TRY IT: If pictures appear in the lines below, skip them and copy exactly the lines from the one containing "del SoFi Stadium." through the one containing "EPISODE TO THE", and nothing else.

SOURCE DATA:
┌──

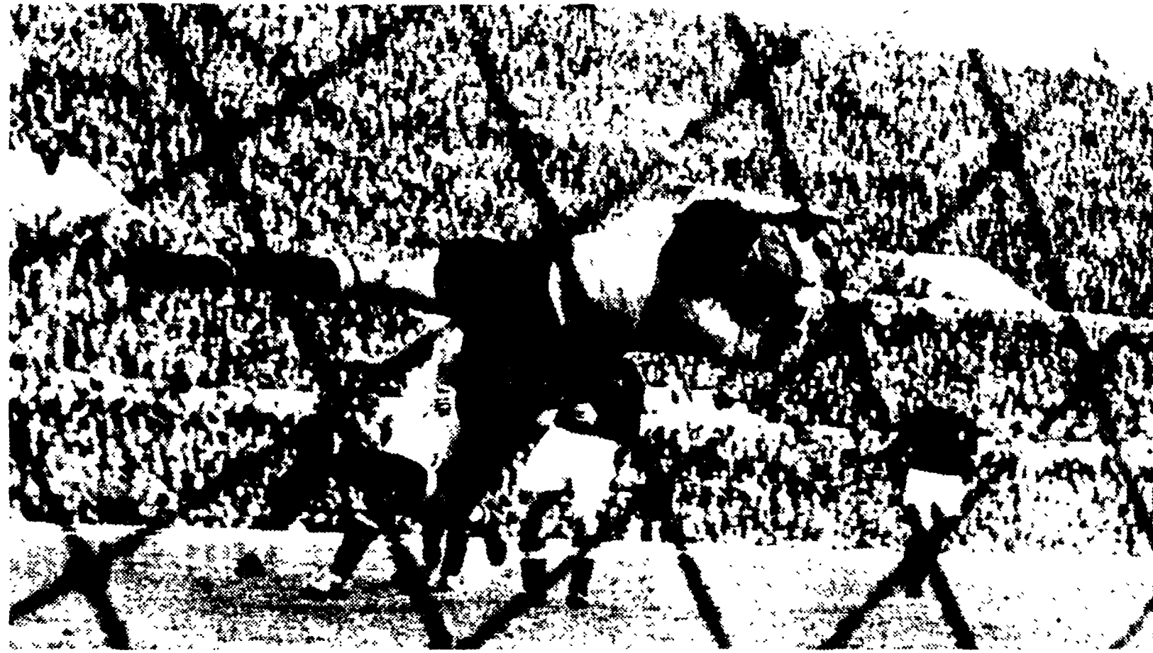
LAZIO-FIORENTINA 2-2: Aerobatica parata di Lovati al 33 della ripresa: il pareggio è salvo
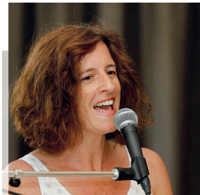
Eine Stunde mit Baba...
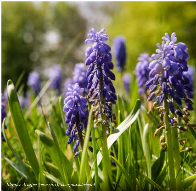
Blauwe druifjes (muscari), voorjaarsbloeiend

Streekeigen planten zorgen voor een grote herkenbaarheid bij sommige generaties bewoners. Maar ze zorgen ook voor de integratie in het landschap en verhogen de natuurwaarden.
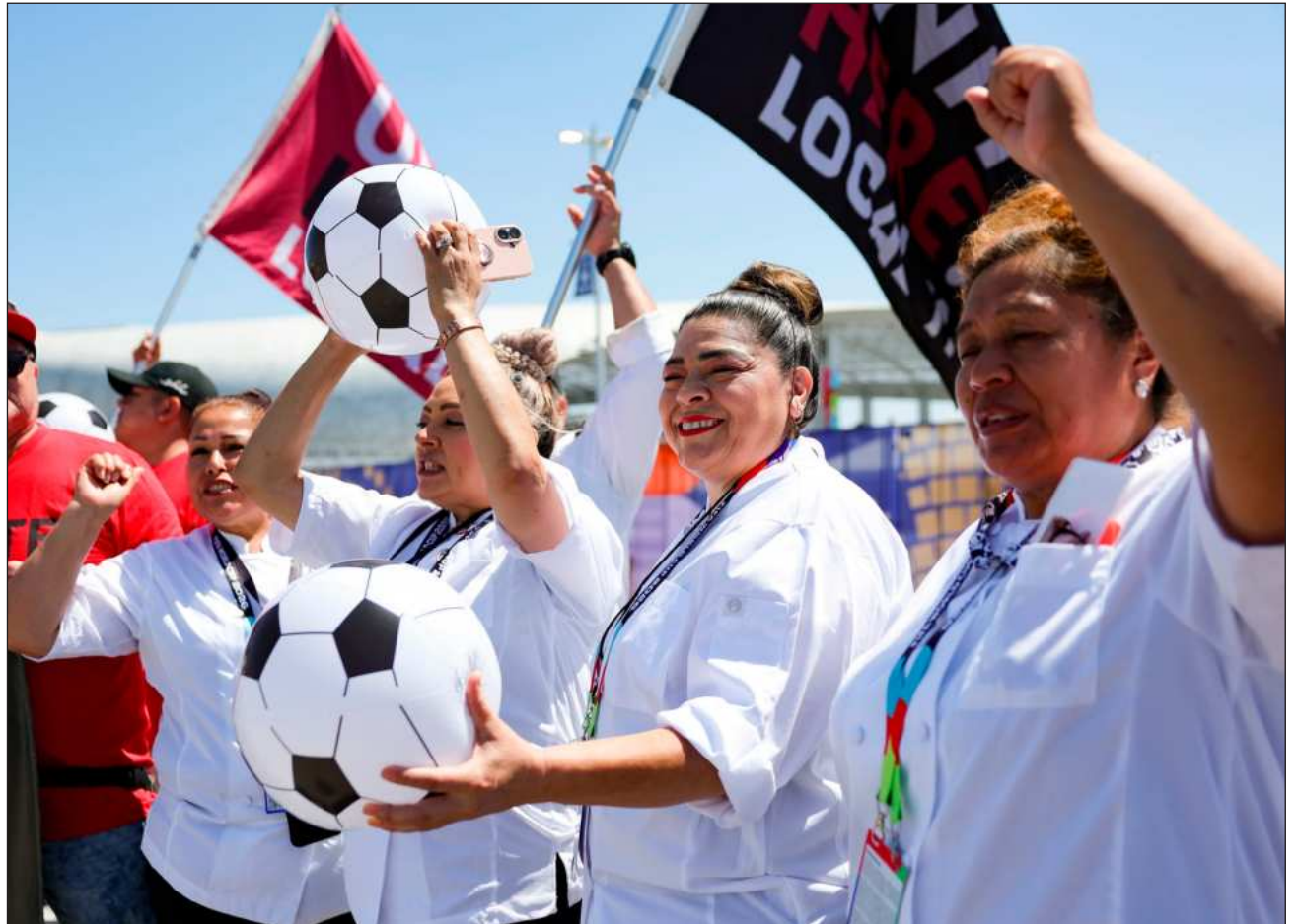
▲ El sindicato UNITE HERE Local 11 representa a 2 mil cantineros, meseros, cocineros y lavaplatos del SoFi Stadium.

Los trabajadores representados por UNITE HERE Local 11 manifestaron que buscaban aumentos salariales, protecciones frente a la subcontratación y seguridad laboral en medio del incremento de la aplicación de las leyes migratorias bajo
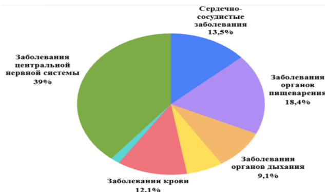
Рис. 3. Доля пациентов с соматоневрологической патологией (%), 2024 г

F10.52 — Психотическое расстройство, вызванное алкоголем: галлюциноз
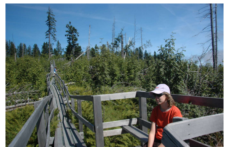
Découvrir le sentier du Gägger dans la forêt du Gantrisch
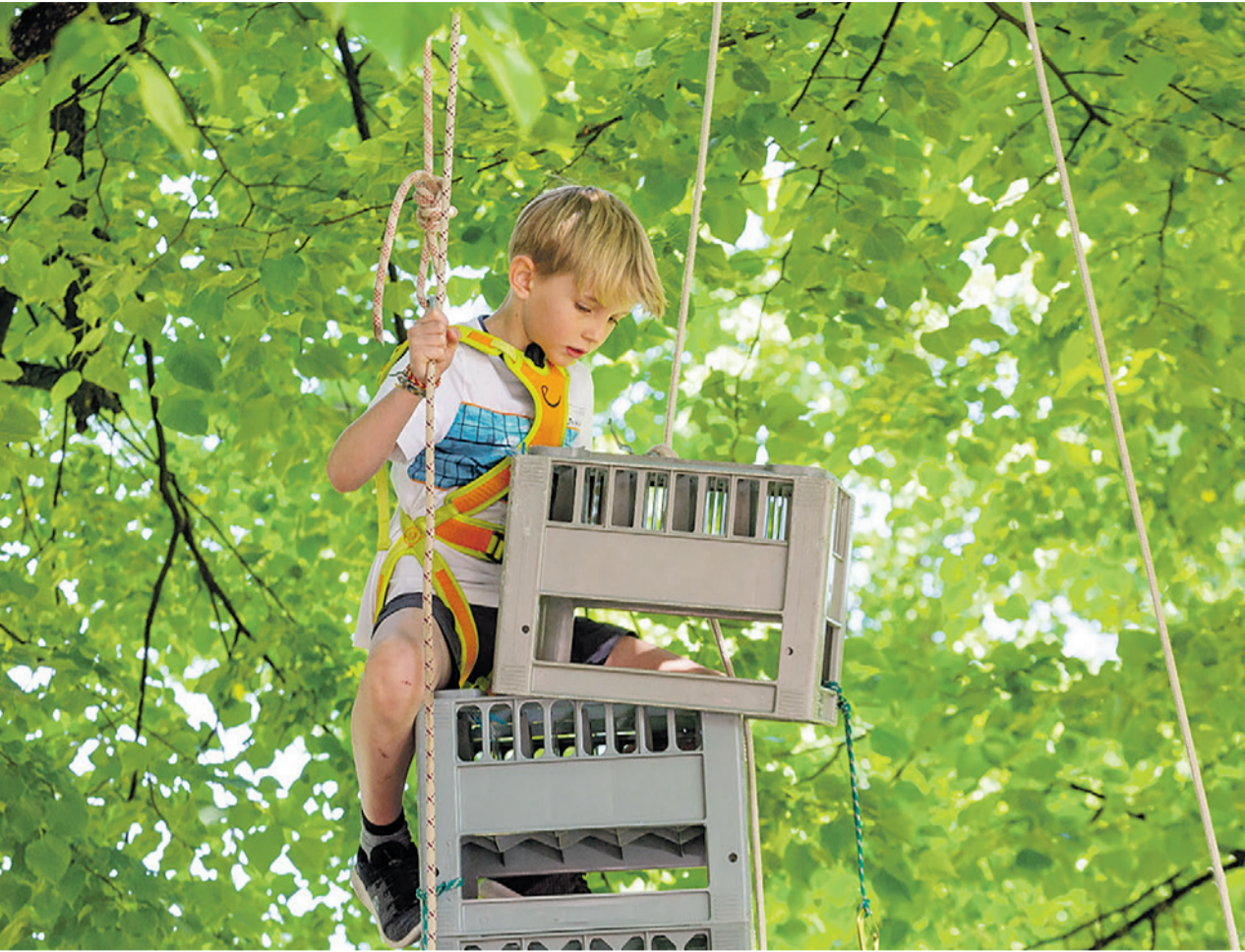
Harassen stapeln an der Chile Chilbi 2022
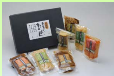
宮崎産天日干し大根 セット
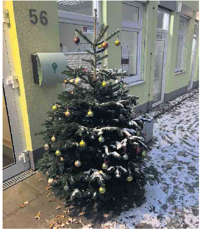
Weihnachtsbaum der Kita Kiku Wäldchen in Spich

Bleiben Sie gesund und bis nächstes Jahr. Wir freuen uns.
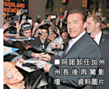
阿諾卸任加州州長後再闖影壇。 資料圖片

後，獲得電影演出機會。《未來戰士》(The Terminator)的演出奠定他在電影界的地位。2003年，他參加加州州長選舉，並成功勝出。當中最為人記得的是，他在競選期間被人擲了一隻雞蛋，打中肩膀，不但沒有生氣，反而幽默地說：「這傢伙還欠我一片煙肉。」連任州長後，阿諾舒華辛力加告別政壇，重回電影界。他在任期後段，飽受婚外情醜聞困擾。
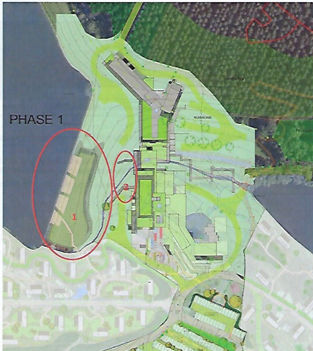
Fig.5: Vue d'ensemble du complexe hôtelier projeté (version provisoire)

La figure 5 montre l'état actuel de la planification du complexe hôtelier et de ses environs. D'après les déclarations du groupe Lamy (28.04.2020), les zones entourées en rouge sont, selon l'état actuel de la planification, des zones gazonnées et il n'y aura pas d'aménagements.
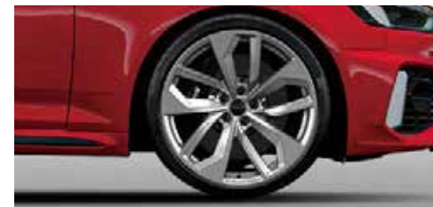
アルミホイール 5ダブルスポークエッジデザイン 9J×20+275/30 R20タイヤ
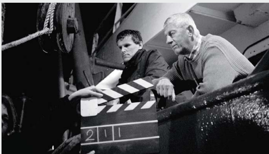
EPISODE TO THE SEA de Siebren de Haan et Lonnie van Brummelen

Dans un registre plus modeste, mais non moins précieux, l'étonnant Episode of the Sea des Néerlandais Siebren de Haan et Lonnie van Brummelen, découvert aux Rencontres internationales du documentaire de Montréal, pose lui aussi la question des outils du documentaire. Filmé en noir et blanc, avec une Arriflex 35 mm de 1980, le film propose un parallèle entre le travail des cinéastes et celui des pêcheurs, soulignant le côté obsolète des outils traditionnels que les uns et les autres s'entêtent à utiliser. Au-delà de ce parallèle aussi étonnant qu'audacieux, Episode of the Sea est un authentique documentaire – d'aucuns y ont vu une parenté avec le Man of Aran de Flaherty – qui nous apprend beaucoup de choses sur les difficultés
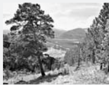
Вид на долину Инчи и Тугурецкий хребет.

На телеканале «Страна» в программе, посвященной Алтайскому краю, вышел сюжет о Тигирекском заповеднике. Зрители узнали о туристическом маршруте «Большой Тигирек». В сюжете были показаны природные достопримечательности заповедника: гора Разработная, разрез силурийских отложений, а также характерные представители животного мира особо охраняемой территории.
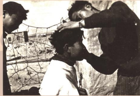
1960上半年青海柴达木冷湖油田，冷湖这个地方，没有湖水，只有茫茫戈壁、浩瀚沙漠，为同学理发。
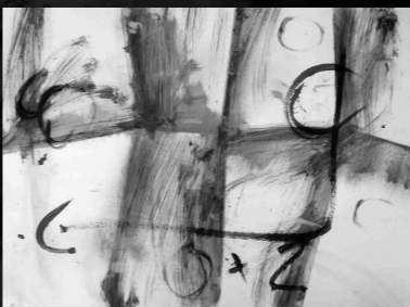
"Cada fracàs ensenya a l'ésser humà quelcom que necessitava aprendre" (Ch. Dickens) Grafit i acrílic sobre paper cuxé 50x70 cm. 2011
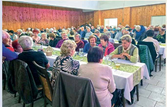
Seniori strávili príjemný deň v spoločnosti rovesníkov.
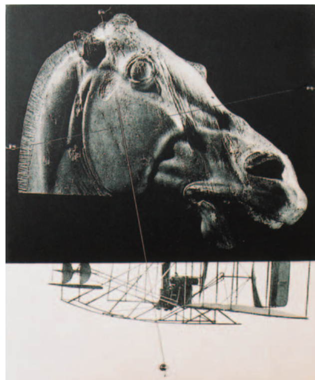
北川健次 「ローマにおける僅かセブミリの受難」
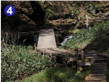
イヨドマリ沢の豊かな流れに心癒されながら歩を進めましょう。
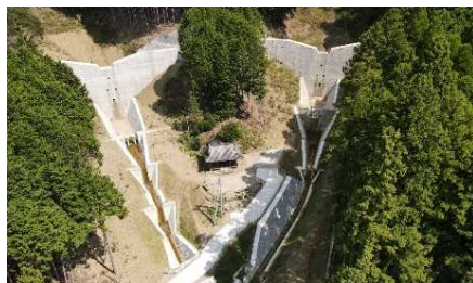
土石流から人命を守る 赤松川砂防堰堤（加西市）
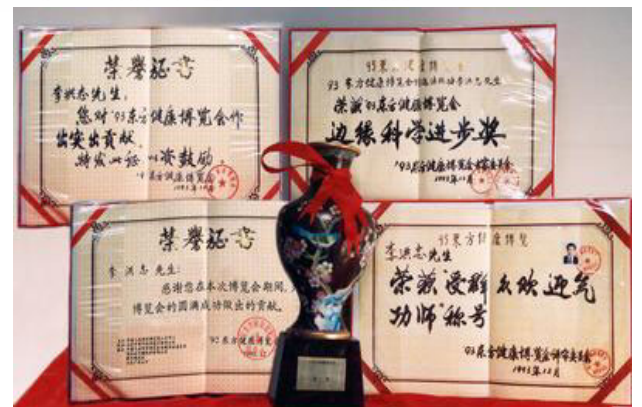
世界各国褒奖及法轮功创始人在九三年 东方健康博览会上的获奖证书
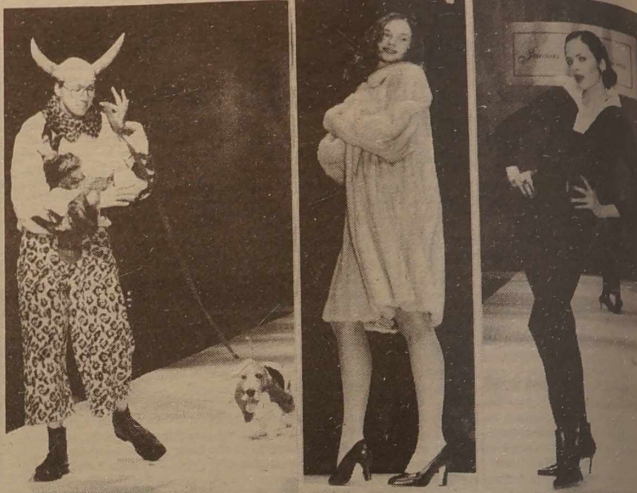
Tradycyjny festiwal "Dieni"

└──

COMPLETED EXERCISE:
▲ El sindicato UNITE HERE Local 11 representa a 2 mil cantineros, meseros, cocineros y lavaplatos del SoFi Stadium.

Los trabajadores representados por UNITE HERE Local 11 manifestaron que buscaban aumentos salariales, protecciones frente a la subcontratación y seguridad laboral en medio del incremento de la aplicación de las leyes migratorias bajo
Рис. 3. Доля пациентов с соматоневрологической патологией (%), 2024 г

F10.52 — Психотическое расстройство, вызванное алкоголем: галлюциноз
Découvrir le sentier du Gägger dans la forêt du Gantrisch
Harassen stapeln an der Chile Chilbi 2022
宮崎産天日干し大根 セット
Weihnachtsbaum der Kita Kiku Wäldchen in Spich

Bleiben Sie gesund und bis nächstes Jahr. Wir freuen uns.
阿諾卸任加州州長後再闖影壇。 資料圖片

後，獲得電影演出機會。《未來戰士》(The Terminator)的演出奠定他在電影界的地位。2003年，他參加加州州長選舉，並成功勝出。當中最為人記得的是，他在競選期間被人擲了一隻雞蛋，打中肩膀，不但沒有生氣，反而幽默地說：「這傢伙還欠我一片煙肉。」連任州長後，阿諾舒華辛力加告別政壇，重回電影界。他在任期後段，飽受婚外情醜聞困擾。
Fig.5: Vue d'ensemble du complexe hôtelier projeté (version provisoire)

La figure 5 montre l'état actuel de la planification du complexe hôtelier et de ses environs. D'après les déclarations du groupe Lamy (28.04.2020), les zones entourées en rouge sont, selon l'état actuel de la planification, des zones gazonnées et il n'y aura pas d'aménagements.
アルミホイール 5ダブルスポークエッジデザイン 9J×20+275/30 R20タイヤ
EPISODE TO THE SEA de Siebren de Haan et Lonnie van Brummelen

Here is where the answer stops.